November 12, 2018 | AtoZ Markets
In the D.C. Fintech Week Conference at Georgetown University held last week, J. Christopher Giancarlo, the chairman of the US Commodity Futures Trading Commission (CFTC) gave a speech on the distributed ledger technology (DLT) and its role in automating the regulations for derivative markets.
In his speech, Giancarlo said that DLT-powered Quantitative Regulation could help regulators observe the markets more efficiently with less cost.
If used with the machine learning algorithms, the technology could help identify the segments of markets in case of a high risk or probable vulnerabilities rise.
According to the CFTC chair as well, Quantitative Regulation could “standardize and distribute critical information” to market actors and regulators.

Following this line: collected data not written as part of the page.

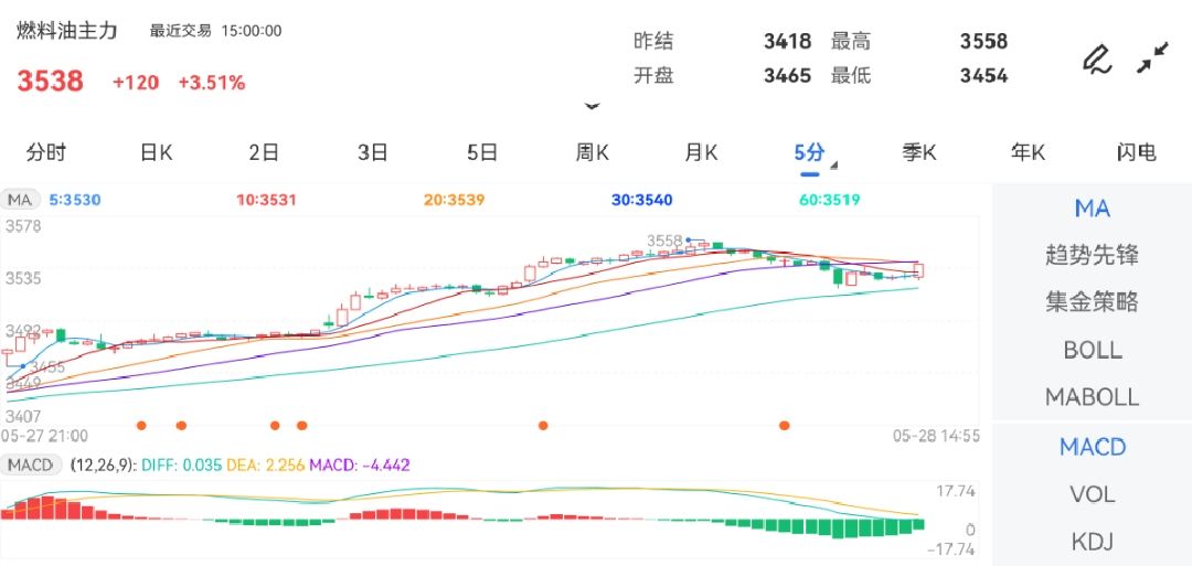 5月28日,邦内期市原油系板块全线飘红。此中,燃料油期货主力合约开盘报3465.00元/吨,今日盘中高位波动运转;截至发稿,燃料油主力最高触及3545.00元,下方探低3454.00元,涨幅达3.57%相近。
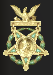 名誉勲章(陸軍) | 米軍の軍事勲章において最高位の勲章です。 | 通称メダルオブオナー。 陸海空それぞれでデザインが異なる(海兵と沿岸警備隊は海軍のものを使用)。 「戦闘においてその義務を超えた勇敢な行為をし、若しくは自己犠牲を示したアメリカ軍人」に対し、「アメリカ議会」の名において代表者である大統領の手で授与される。 第二次世界大戦における受章者数は464名であるが、戦争当時ではなく後から繰り上がったり追加で発行された物も多い。 |
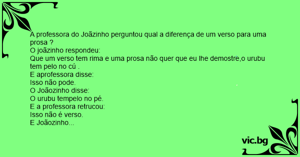 A professora do Joãzinho perguntou qual a diferença de um verso para uma prosa ?
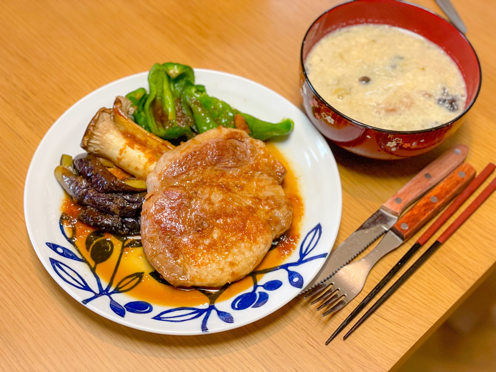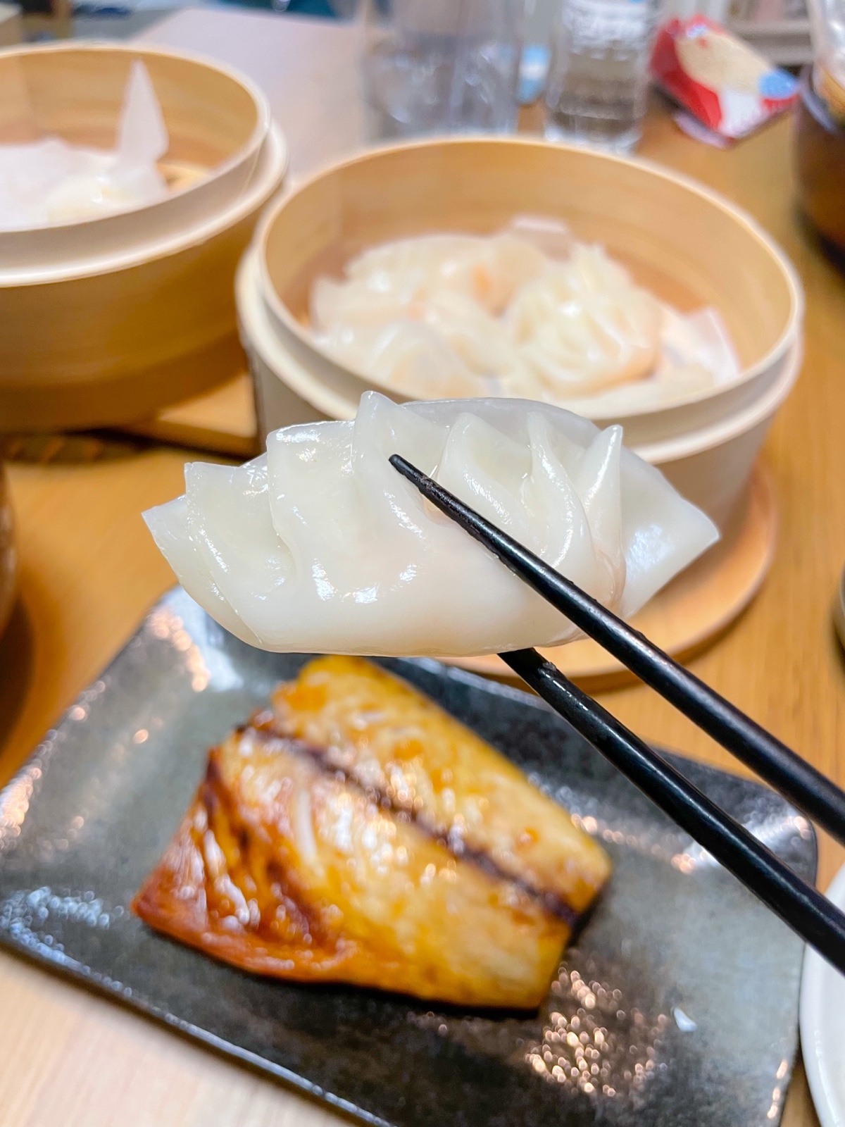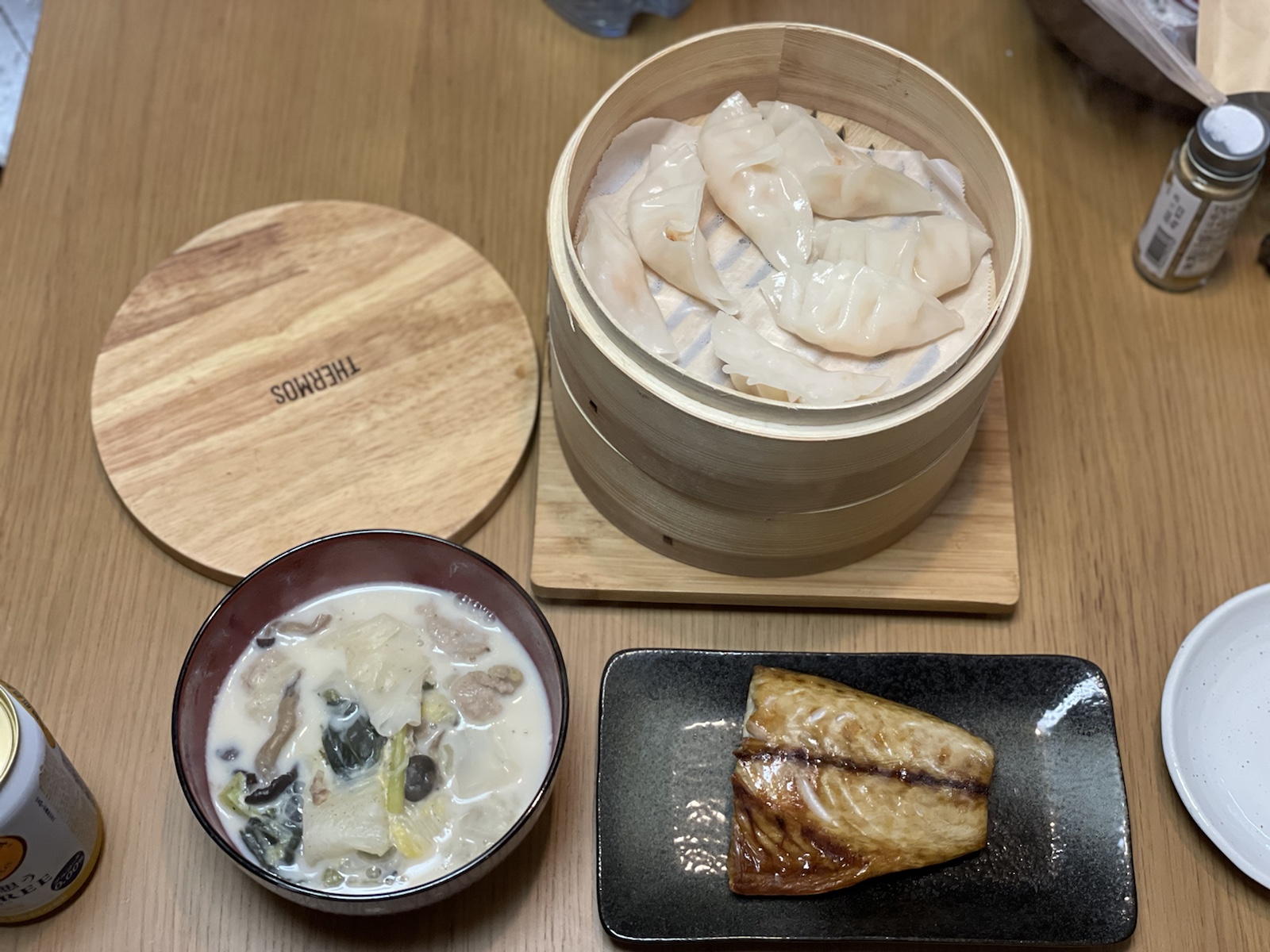 20:00 鯖塩焼き、海老の蒸し餃子、白菜ときのこの豆乳スープ
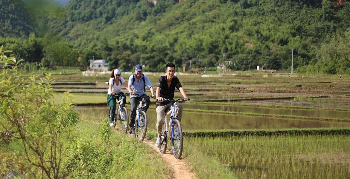 After lunch, Your will continue your Hoa Lu Tam Coc trip with a relaxing sampan boat in Tam Coc, famous as “Halong Bay on land”. The 90-minute boat ride offers you endless photo opportunities. On the rowing boat trip in Tam Coc, you will go through the Tam Coc Caves and pass the rice fields where you will have a chance to take the nice photos of nature and local people working on the riverside. When you return to the dock, take a short break before cycling for approximately 45 minutes along country lanes to enjoy the beautiful scenery of lush paddy fields and discover the real countryside of Vietnam.
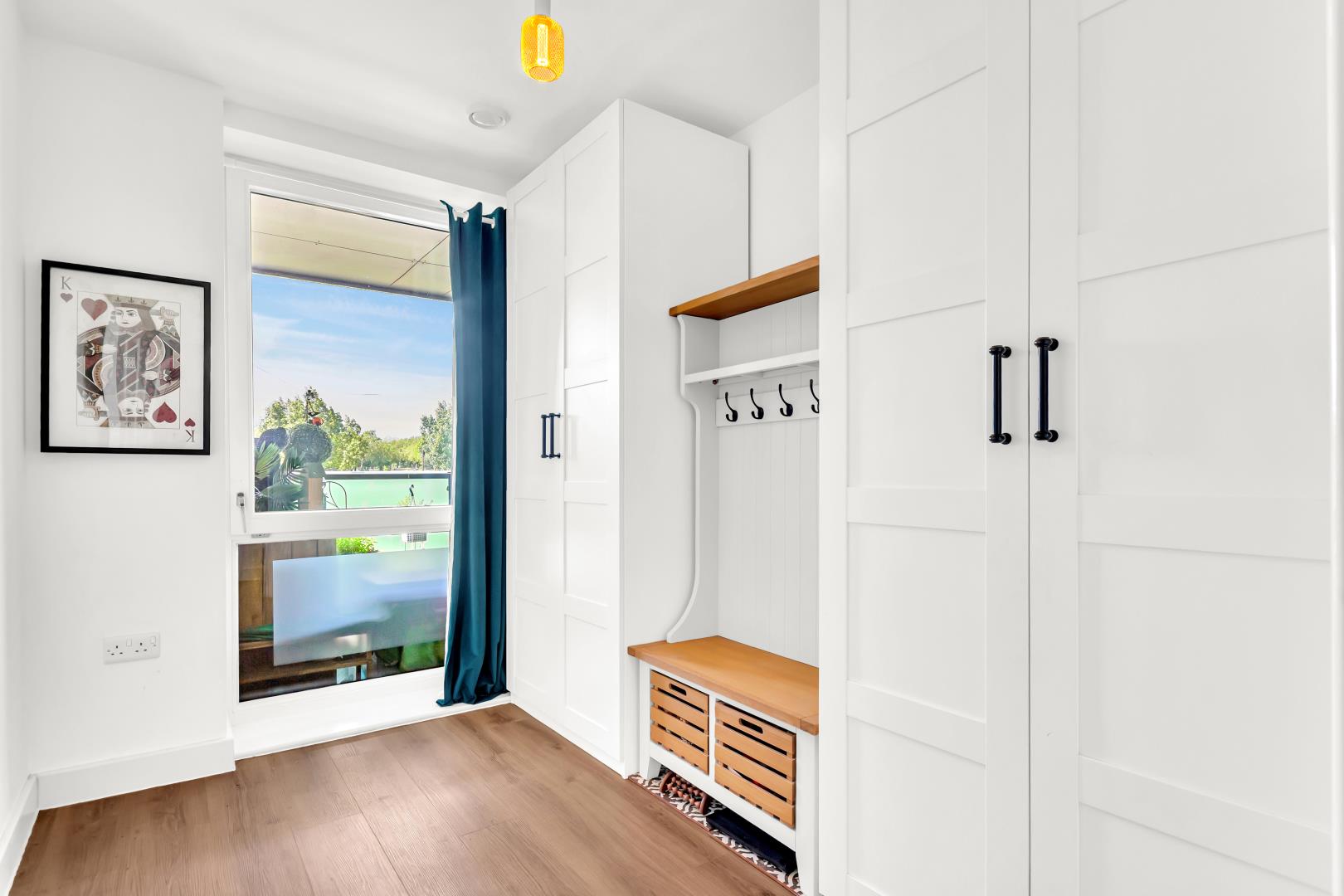 To the right there’s a large storage cupboard, handy for household items, housing the consumer unit and water tank.
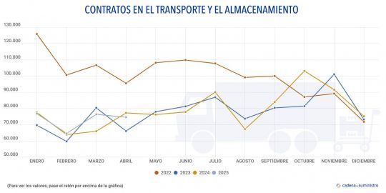 Así pues, en el cuarto mes de este año se han registrado 74.534 contratos de trabajo nuevos en el sector del transporte y la logística, un 3,54% menos que en el mismo mes de 2024 y un 2,41% menos que en marzo de este mismo ejercicio.
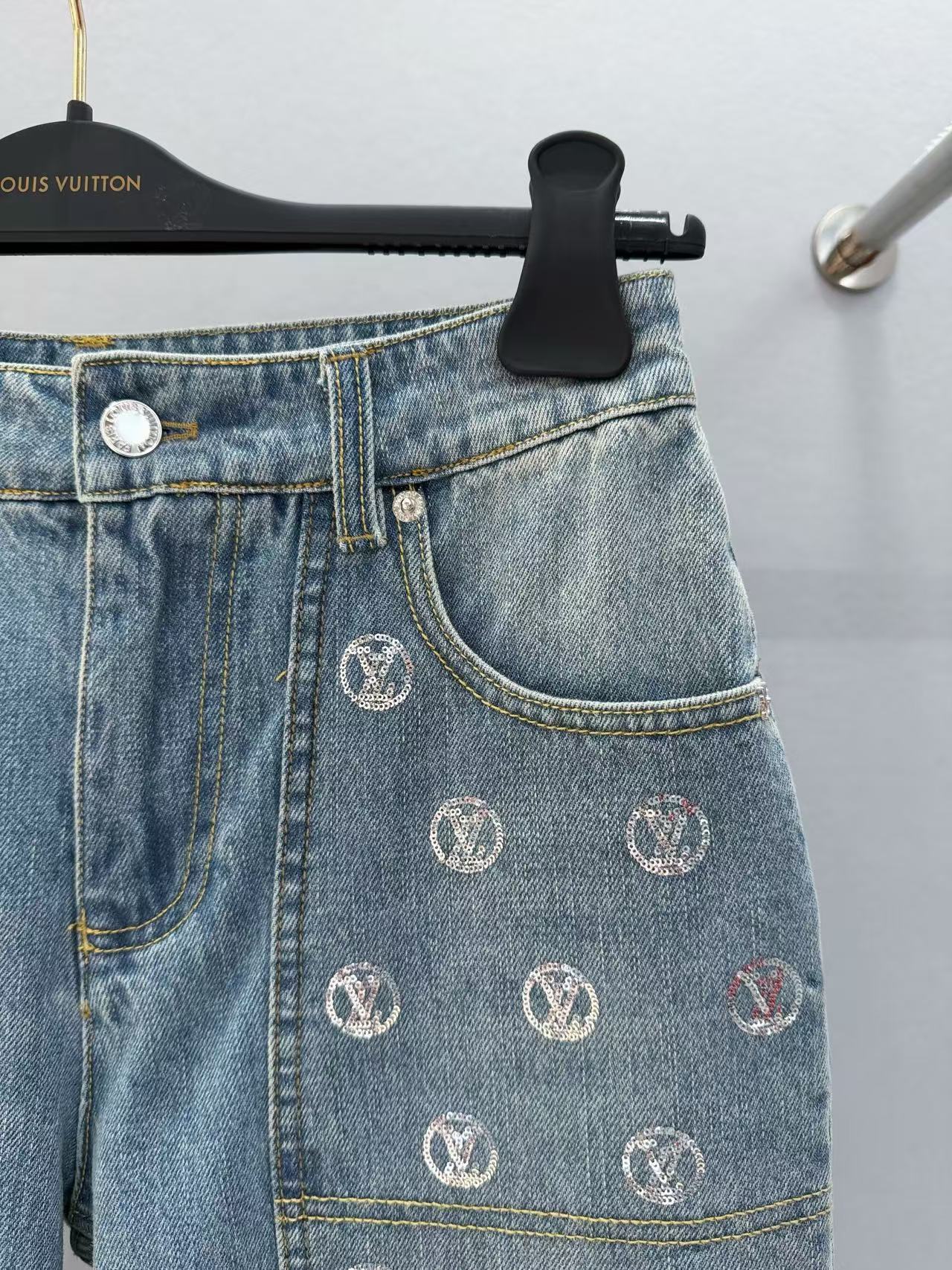 褲身滿滿手工縫製銀色亮片 LV Logo,走一步就閃一次,陽光下像雪花折射、室內燈光下又低調內斂,那種「不刻意卻貴氣逼人」的精緻。
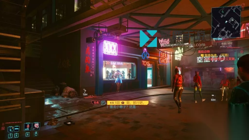点击阅读:博朋克2077攻略>>> 博朋克2077超梦在哪里? 地图位置: 就在性偶店旁边,你可以去樱花市场。
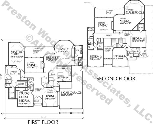 This two-story house plan has 4559 square ft. of living space. This two-story home plan design has a depth of 65′-0″ and a width of 69′-0″.
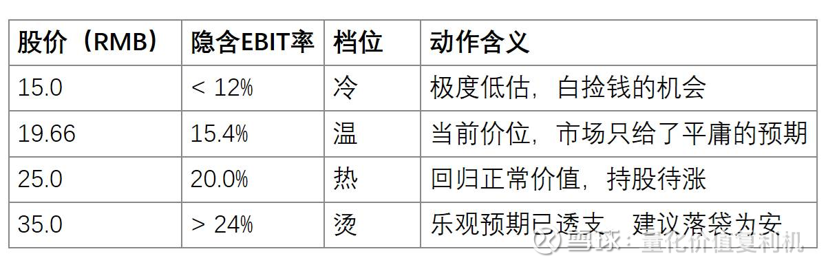 估值热度:当前股价(约19.66元)仅隐含了每年3%的极低增长预期,市场定价正处于“极冷”区间。
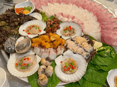 삼척의 바다를 통째로 담은 듯한 숙성회 세트와 생전복과 각종 신선한 해산물이 가득 들어간 해물탕을 초월한 해물탕라면

“We can also envision the day where rulebooks are digitized, compliance is increasingly automated or built into business operations through smart contracts, and regulatory reporting is satisfied through real-time DLT networks, the machines here at the CFTC would have the ability to communicate regulatory requirements and consume and analyze the data that comes in through such systems.” Giancarlo said at the conference.
Giancarlo explained that CFTC is considering an active form of regulation, that is capable of responding to real-time challenges the new technologies trigger, emphasizing decentralized markets and disintermediated traditional actors and how they are connected to the challenges mentioned.
“the ability to keep pace with those who attempt to defraud, distort, or manipulate”, Giancarlo confirms, referring to that it may have already started building systems that will automate “derivate market regulations”.
The Technology promises of real-time data reporting
As the machine learning and DLT systems will be capable of digitizing rules and regulations, in addition to consuming, analyzing and processing data in real time, the aforementioned technology would allow the CFTC to analyze data once reported.
It would further allow the regulatory agency to study the impact of certain provisions and how they can be modified to ensure an optimal outcome.
“Rather than rely on static rules and regulations that were put in place without knowing exactly the consequences or results they would drive in the market, we may be able to measure data, real-world outcomes, and success in satisfying regulatory objectives”, explained Giancarlo.